══ RECORDS SUPPLIED

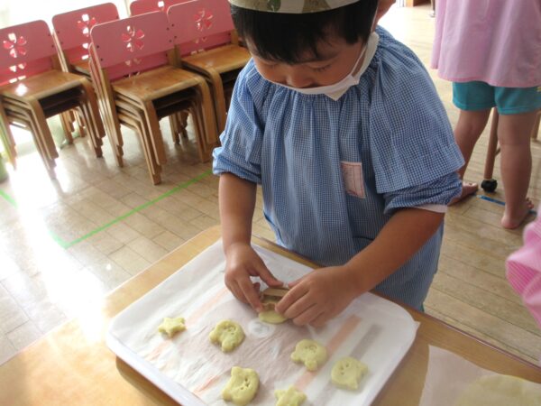 自分で星の形を作ったお友達やサッカーをしている姿の形、お刺身の形、お花の形などクッキー型以外にも子ども達が思い思いの形を想像を膨らませながら作ることもできましたよ。
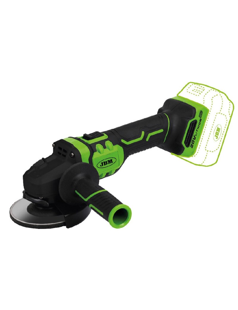 Esta amoladora electrica angular brushless ref. 60008, alimentada por baterías recargables, está disenada para realizar todo tipo de tareas de corte, pulido y lijado. Voltaje: DC-20V Velocidad sin carga: 8000 rpm Diámetro del disco: 115mm (4-1/2â) Tamaño del eje: M14 Peso: 1,49 kg Contiene: 1 mango auxiliar 1 llave de ajuste 1 cubierta protectora *Batería no incluida *Disco no incluido
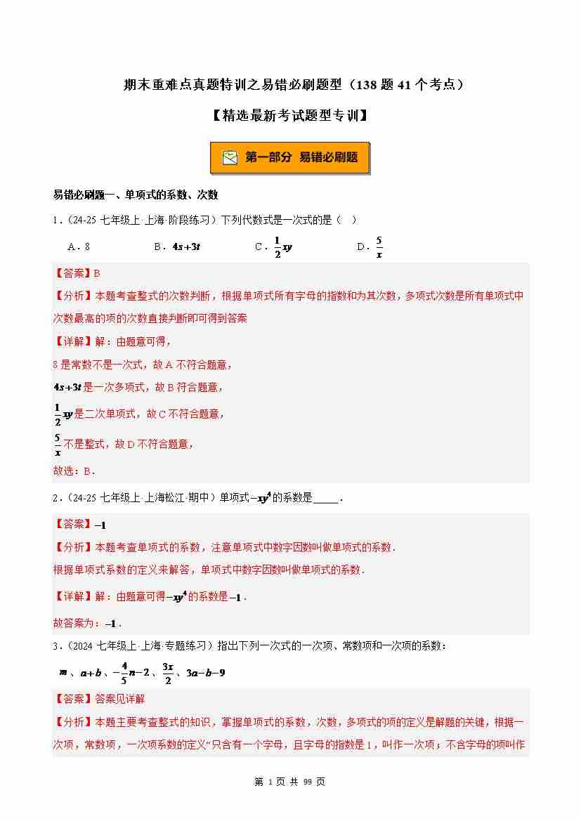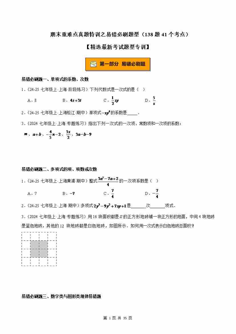 七上数学期末重难点真题特训之易错必刷题型(138题41个考点)(沪教版2024)(原卷版)
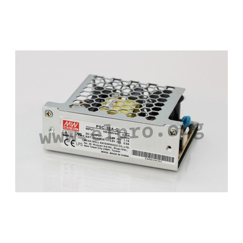 Schaltnetzteile in offener (PSC-35_) und geschlossener Bauform (PSC-35_-C) mit 35W, USV-Funktion (Batterielader), Power-Fail-Signal, Batterie-Low-Signal und Universaleingang. Diese Geräte verfügen über einen Akku-Tiefentladeschutz und sind gegen Überlast (auto recovery), Überspannung sowie Kurzschluss geschützt. Sie sind lüfterlos designt und entsprechen UL/EN62368-1, EN55032 Klasse B, EN61000-3-2 sowie EN61000-3-3. Wir bieten die folgenden Ausführungen dieser Mean Well Serie an: PSC-35A, PSC-35B, PSC-35A-C und PSC-35B-C.
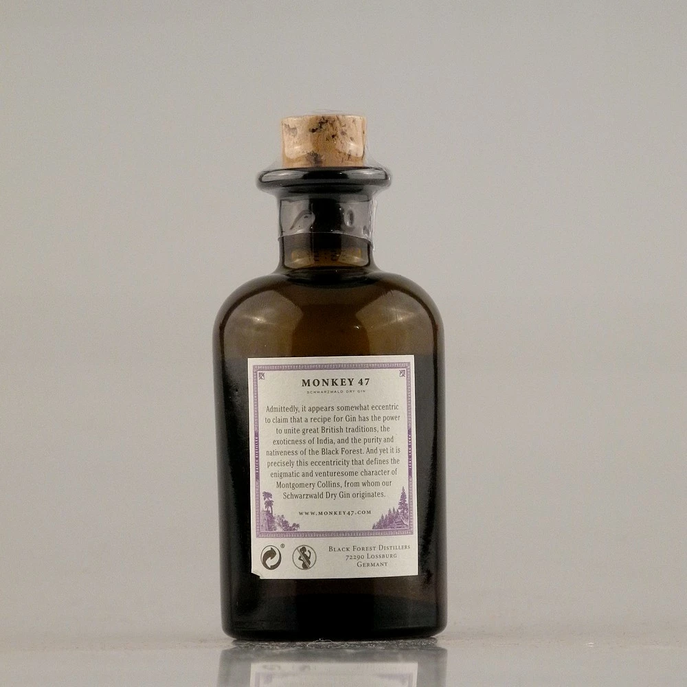Monkey 47 Dry Gin in der MINI Ausgabe. Ja, auch die Deutschen verstehen sich auf die Ginherstellung. Der untrügliche Beweis hierfür ist der Monkey 47 Dry Gin, der im Herzen des Schwarzwalds in Baden-Württemberg produziert wird. Mit Fokus auf regionaltypischen Zutaten, traditionellen Methoden und Liebe zum Detail entsteht im Südwesten Deutschlands ein Gin der Extraklasse, der dem klassischen London Dry Gin so einiges entgegensetzt und von Premium-Qualität ist.
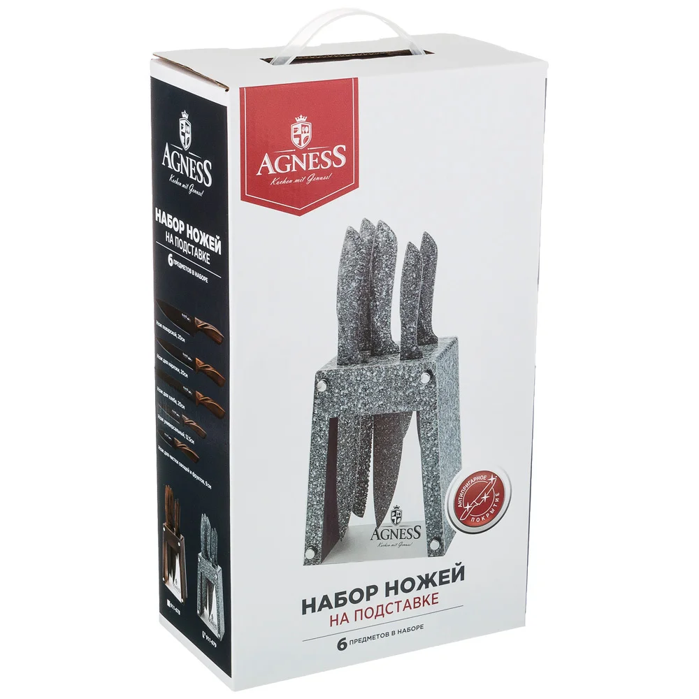 Нож - главный инструмент на кухне, а вернее ножи, т.к. даже самый лучший нож не сможет справиться со всем многообразием задач. Выбирая набор ножей AGNESS - Вы приобретаете комплект самых необходимых и чаще всего используемых ножей. Преимущества ножей AGNESS: ● Эргономичная ручка с покрытием Soft Touch для удобной нарезки ● Лезвие из высокоуглеродистой коррозионной стали ● 2-х стороняя заточка лезвия ● Стильный дизайн ● Состав набора: Нож поварской 20см, Нож для хлеба 20см, Нож для нарезки 20см, Нож универсальный 12,5см, Нож для чистки овощей и фруктов, 9см, Удобная подставка для безопасного хранения ножей Рекомендована ручная мойка.
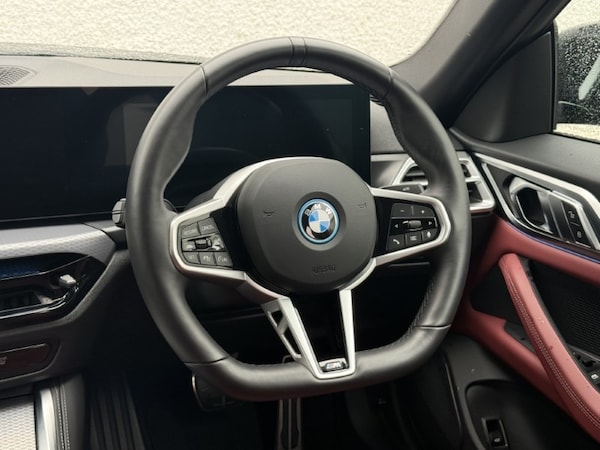Lloyd BMW Cockermouth are happy to present this exceptional BMW I4 eDrive40 M Sport finished in Black Sapphire paired with the lovely Tacora Red Sensatec Perforated upholstered interior trim. This example has been very well looked after and comes with a full BMW service history! This vehicle has covered just over 9,600 miles and comes equipped with some fantastic features! This all-electric Gran Coupe delivers a blend of performance and efficiency, offering up to 369 miles of electric range on a single charge and packing a punch with 335bhp, achieving 0-62mph in just 5.6 seconds. The M Sport Pro Pack enhances the driving experience further, complemented by M Sport Brakes with Red Calipers, M Sport Seat Belts and BMW Individual Lights Shadow Line. The interior boasts comfortable heated front seats, a Widescreen Display, along with the convenience of the Connected Package Pro and Parking Assistant. This vehicle also includes Adaptive LED Headlights with High-Beam Assistant for optimum visability.
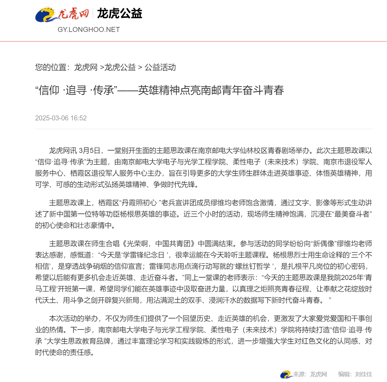【龍虎網(wǎng)】“信仰 ·追尋 ·傳承”——英雄精神點亮南郵青年奮斗青春
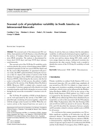 Vera, C. S., Alvarez, M. S., Gonzalez, P. L. M. ORCID: https://orcid.org/0000-0003-0154-0087, Liebmann, B. and Kiladis, G. N.

════

DESCRIPTION OF THE TASK: Retype only the lines above from the one with "Lloyd BMW Cockermouth" through the last, both ends included, keeping every picture out of the copy.

COMPLETED TASK:
Lloyd BMW Cockermouth are happy to present this exceptional BMW I4 eDrive40 M Sport finished in Black Sapphire paired with the lovely Tacora Red Sensatec Perforated upholstered interior trim. This example has been very well looked after and comes with a full BMW service history! This vehicle has covered just over 9,600 miles and comes equipped with some fantastic features! This all-electric Gran Coupe delivers a blend of performance and efficiency, offering up to 369 miles of electric range on a single charge and packing a punch with 335bhp, achieving 0-62mph in just 5.6 seconds. The M Sport Pro Pack enhances the driving experience further, complemented by M Sport Brakes with Red Calipers, M Sport Seat Belts and BMW Individual Lights Shadow Line. The interior boasts comfortable heated front seats, a Widescreen Display, along with the convenience of the Connected Package Pro and Parking Assistant. This vehicle also includes Adaptive LED Headlights with High-Beam Assistant for optimum visability.
【龍虎網(wǎng)】“信仰 ·追尋 ·傳承”——英雄精神點亮南郵青年奮斗青春
 Vera, C. S., Alvarez, M. S., Gonzalez, P. L. M. ORCID: https://orcid.org/0000-0003-0154-0087, Liebmann, B. and Kiladis, G. N.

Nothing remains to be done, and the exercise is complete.